> _What to do_
An exact copy is needed of the lines from the one that contains "办理银行收入证明时,请务必了" through the final line of the data below, with pictures left out.

> _Data to use_
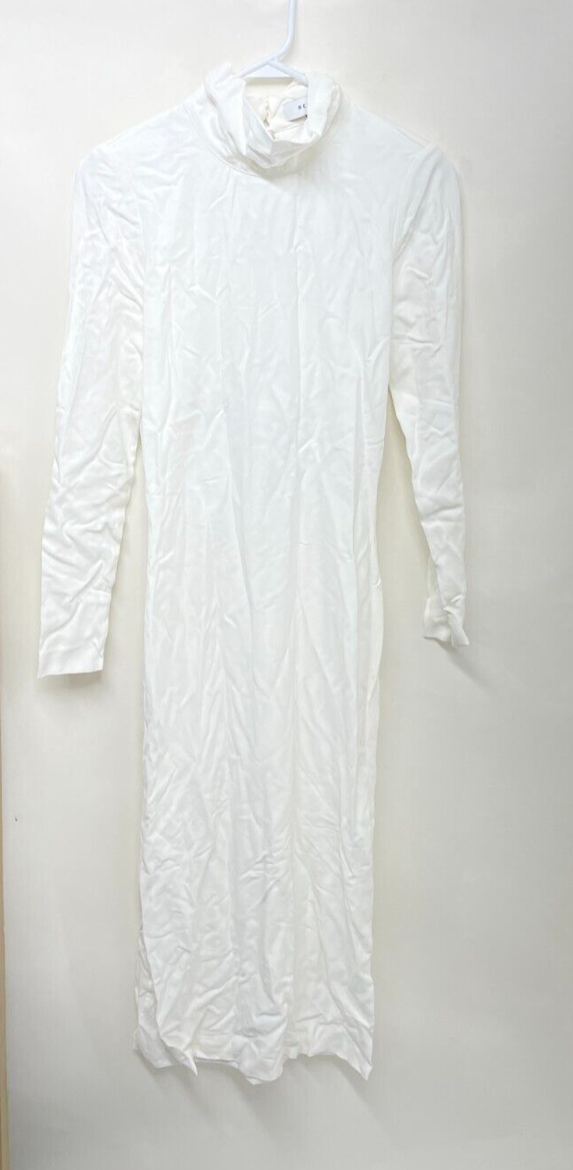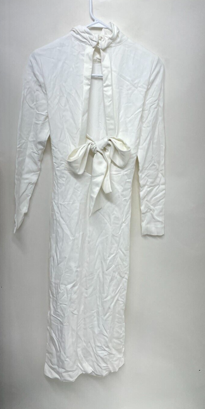 Reiss Womens 4 Martha Open Back Midi Dress White High Neck Long Sleeve T42-554
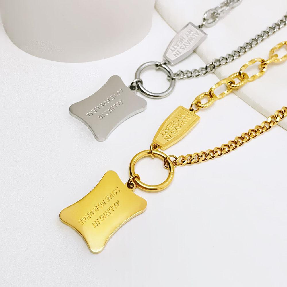Fashion Design Hip-Hop Square Necklace Exaggerated Personality Temperament Titanium Steel Collarbone Chain Does Not Fade Versatile
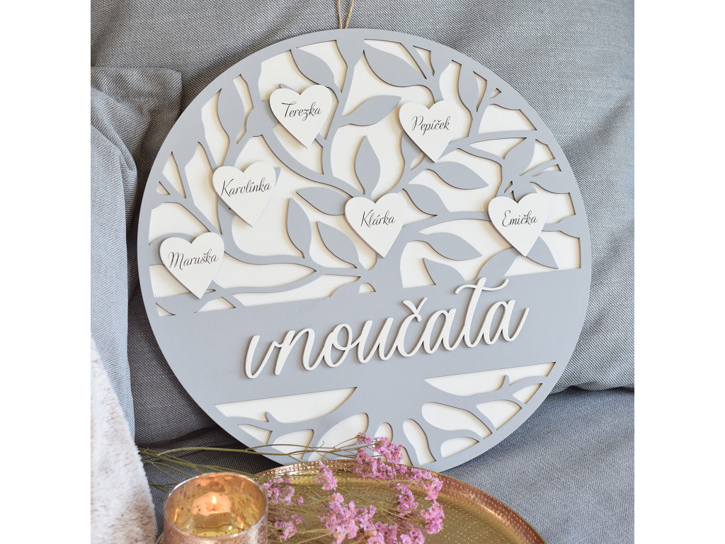 Vnoučata - strom se srdíčky (šedá) Dřevěné dekorace jsou naší láskou a stále se snažíme vymýšlet nové originální kousky, které ozdobí váš domov. S každou dekorací také dbáme na trendy a kvalitu zpracování.   Představujeme další variantu stromu se srdíčky, tentokrát v šedém zpracování :) Vyzdobte si domov touto moderní dekorací, kterou vám připravíme na míru.  průměr: 40 cm varianta v šedé barvě Tato dekorace je vybavena jutovým provázkem pro zavěšení.  Jména Vám do srdíček rádi zpracujeme na míru. Stačí je zadat do pozámky k produktu na míru při zpracování objednávky. MOHLO BY VÁS ZAJÍMAT : ➤ Cedulky ➤ Rodinné dekorace ➤ Hnědá varianta ➤ Varianta "rodina"
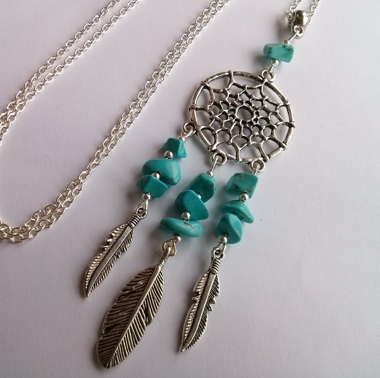 This nice necklace has a beaded turquoise howlite dreamcatcher hanging on 26" silver plate chain.
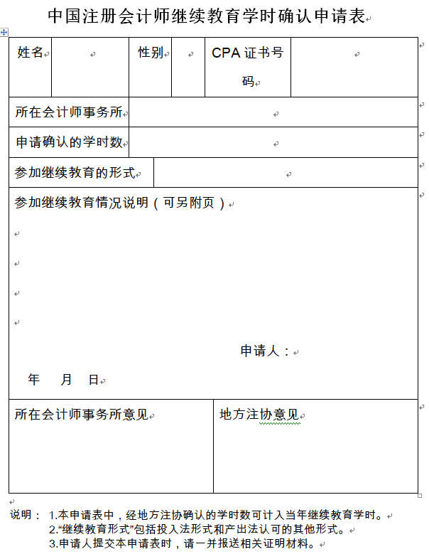 中國(guó)注冊(cè)會(huì)計(jì)師繼續(xù)教育學(xué)時(shí)確認(rèn)申請(qǐng)表
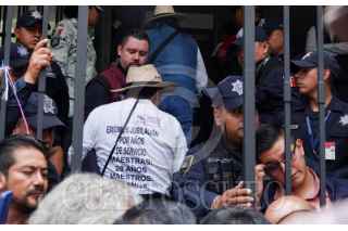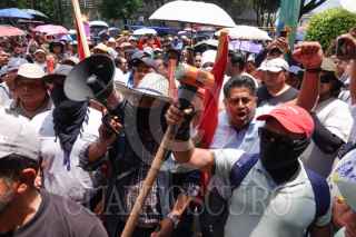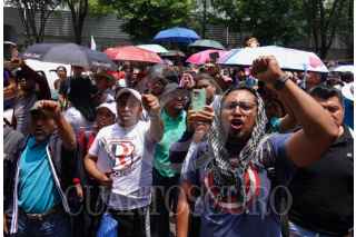 CIUDAD DE MEXICO, 04JUNIO2025.- Integrantes de la Coordinadora Nacional de Trabajadores de la Educación (CNTE) gritan consignas frente a los accesos de la Secretaría de Gobernación (Segob) durante la Tercer Mesa de negociación entre docentes y autoridades federales. FOTO: GALO CAÑAS/CUARTOSCURO.COM
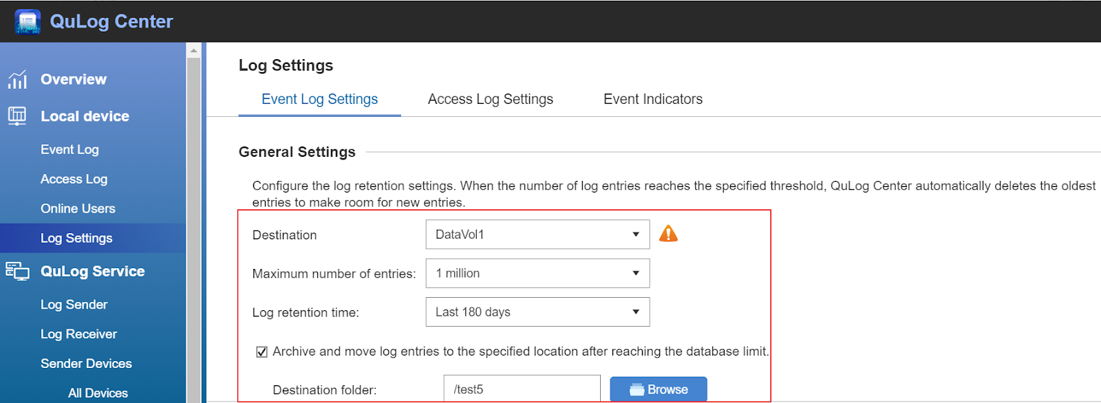 You can find the log retention settings page in QuLog Center as below screenshot.
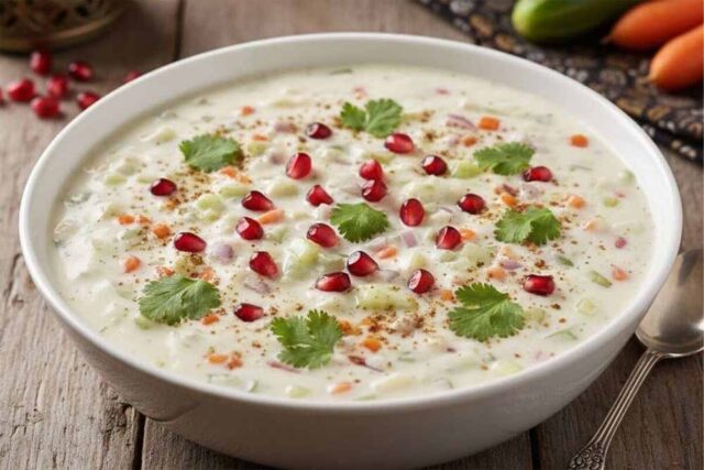 अब इस फेंटे हुए दही में कद्दूकस किया हुआ खीरा और गाजर मिलाएं। साथ ही, बारीक कटा हुआ प्याज और टमाटर भी डाल दें।
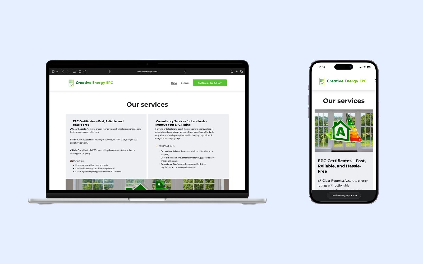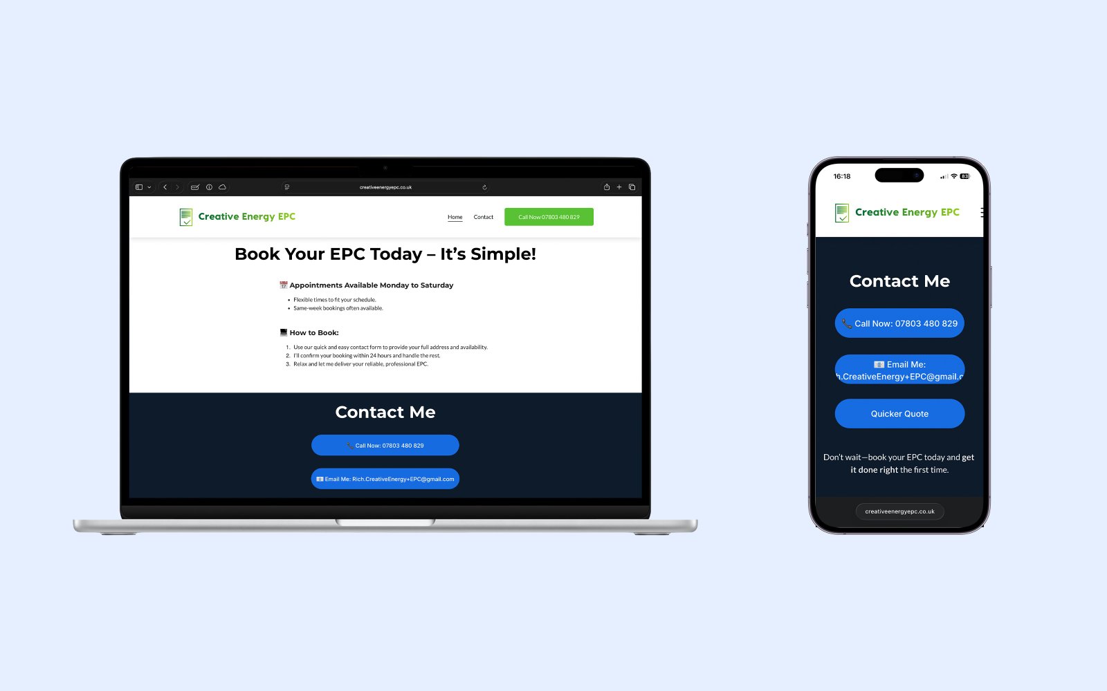 Creative Energy needed a website that made EPC booking feel simple and reliable. The priority was trust (accreditation + reviews), clarity (what an EPC is and who needs it), and speed (clear contact options on desktop and mobile).
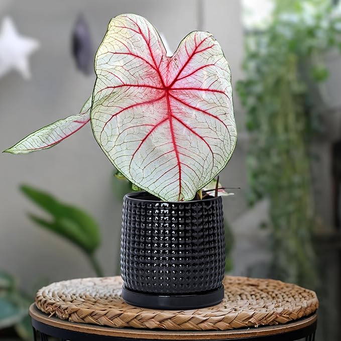 D'vine Dev 4 Inch Ceramic Beaded Stoneware Planter Pot - Flower Pot with Drainage Holes and Saucers for Indoor Succulent Plants or Flowers, Glossy Black, 27-C-Z-2
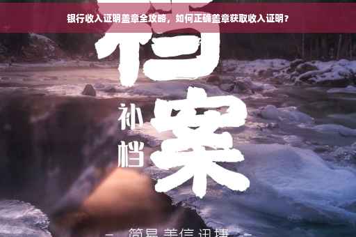 办理银行收入证明时,请务必了解相关流程和注意事项,确保顺利办理,本文详细介绍了银行收入证明的盖章流程、注意事项及常见问题解答,希望能为大家提供帮助,如有更多疑问,请咨询所在银行工作人员,只有充分了解银行收入证明的盖章流程和相关规定,我们才能更加顺利地完成这项任务,希望本文能为大家带来实用的帮助,让大家在办理银行收入证明时少走弯路。
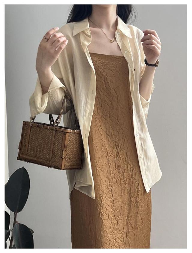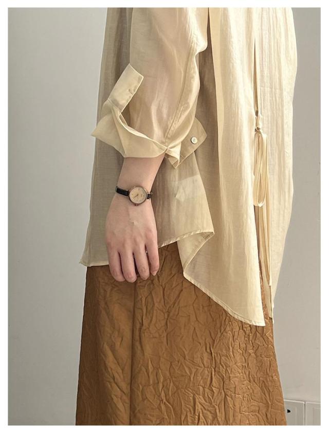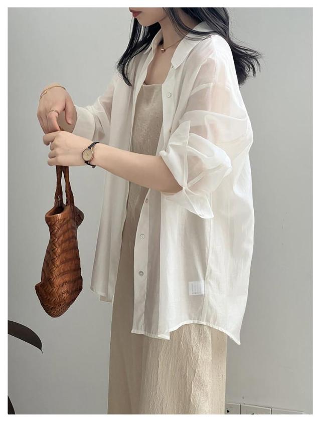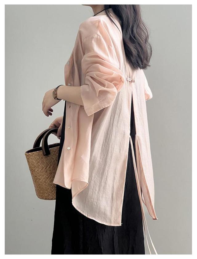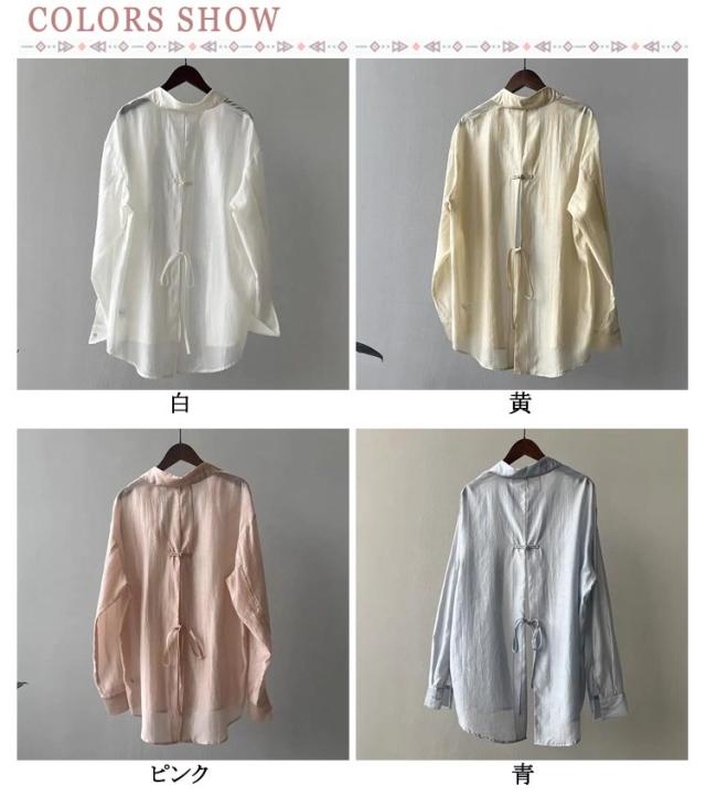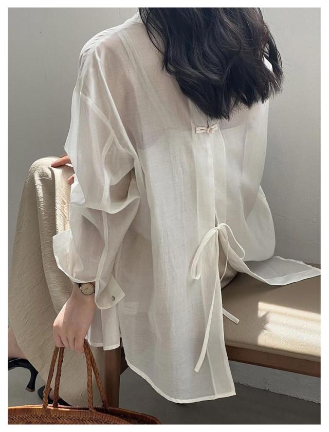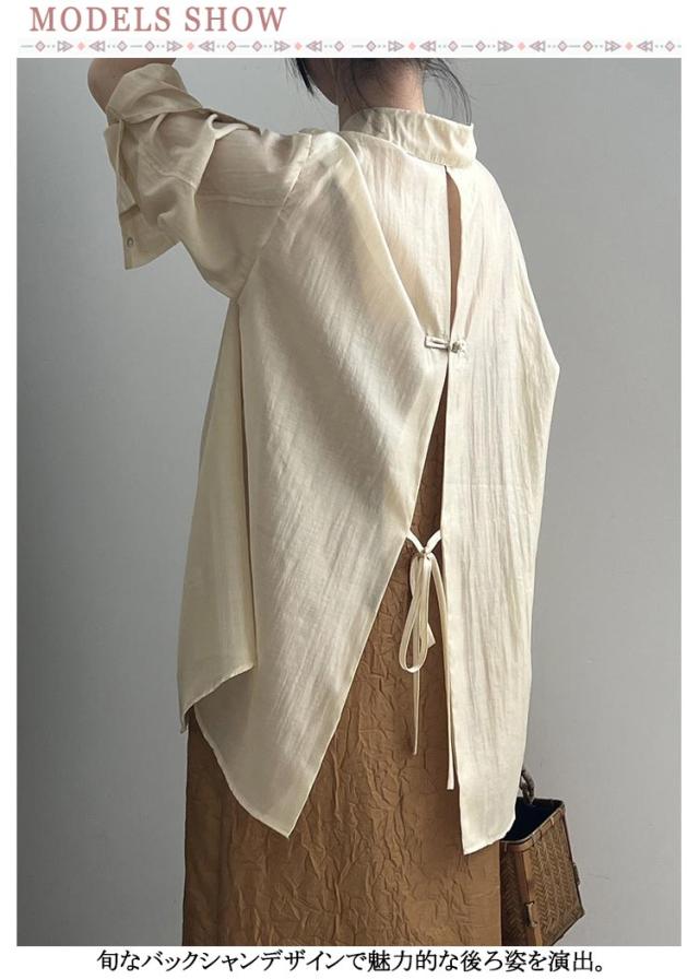 シャツ レディース トップス ブラウス シースルーシャツ サマーシャ バックリボン バックオープン ゆる レイヤード 重ね着風 ドロップショルダー ドルマン ロング ロングシャツ オフィス 白 お尻が隠れる 透け シースルー シアー 春 夏 送料無料
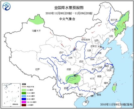 10日20時至11日20時,內(nèi)蒙古中東部、黑龍江南部、吉林、遼寧中北部等地有小到中雪或雨夾雪;河北北部、山西北部、四川東部和南部、重慶、貴州大部、云南中北部、湖北西部、湖南西北部及海南等地有小到中雨。西北地區(qū)中東部、內(nèi)蒙古大部、華北、東北、江淮、黃淮等地有4~6級風(fēng),局地陣風(fēng)7~8級。南海東北部和中部海域?qū)⒂?~7級、陣風(fēng)8級的東北風(fēng)。

> _Solution to the problem_
 办理银行收入证明时,请务必了解相关流程和注意事项,确保顺利办理,本文详细介绍了银行收入证明的盖章流程、注意事项及常见问题解答,希望能为大家提供帮助,如有更多疑问,请咨询所在银行工作人员,只有充分了解银行收入证明的盖章流程和相关规定,我们才能更加顺利地完成这项任务,希望本文能为大家带来实用的帮助,让大家在办理银行收入证明时少走弯路。
 シャツ レディース トップス ブラウス シースルーシャツ サマーシャ バックリボン バックオープン ゆる レイヤード 重ね着風 ドロップショルダー ドルマン ロング ロングシャツ オフィス 白 お尻が隠れる 透け シースルー シアー 春 夏 送料無料
 10日20時至11日20時,內(nèi)蒙古中東部、黑龍江南部、吉林、遼寧中北部等地有小到中雪或雨夾雪;河北北部、山西北部、四川東部和南部、重慶、貴州大部、云南中北部、湖北西部、湖南西北部及海南等地有小到中雨。西北地區(qū)中東部、內(nèi)蒙古大部、華北、東北、江淮、黃淮等地有4~6級風(fēng),局地陣風(fēng)7~8級。南海東北部和中部海域?qū)⒂?~7級、陣風(fēng)8級的東北風(fēng)。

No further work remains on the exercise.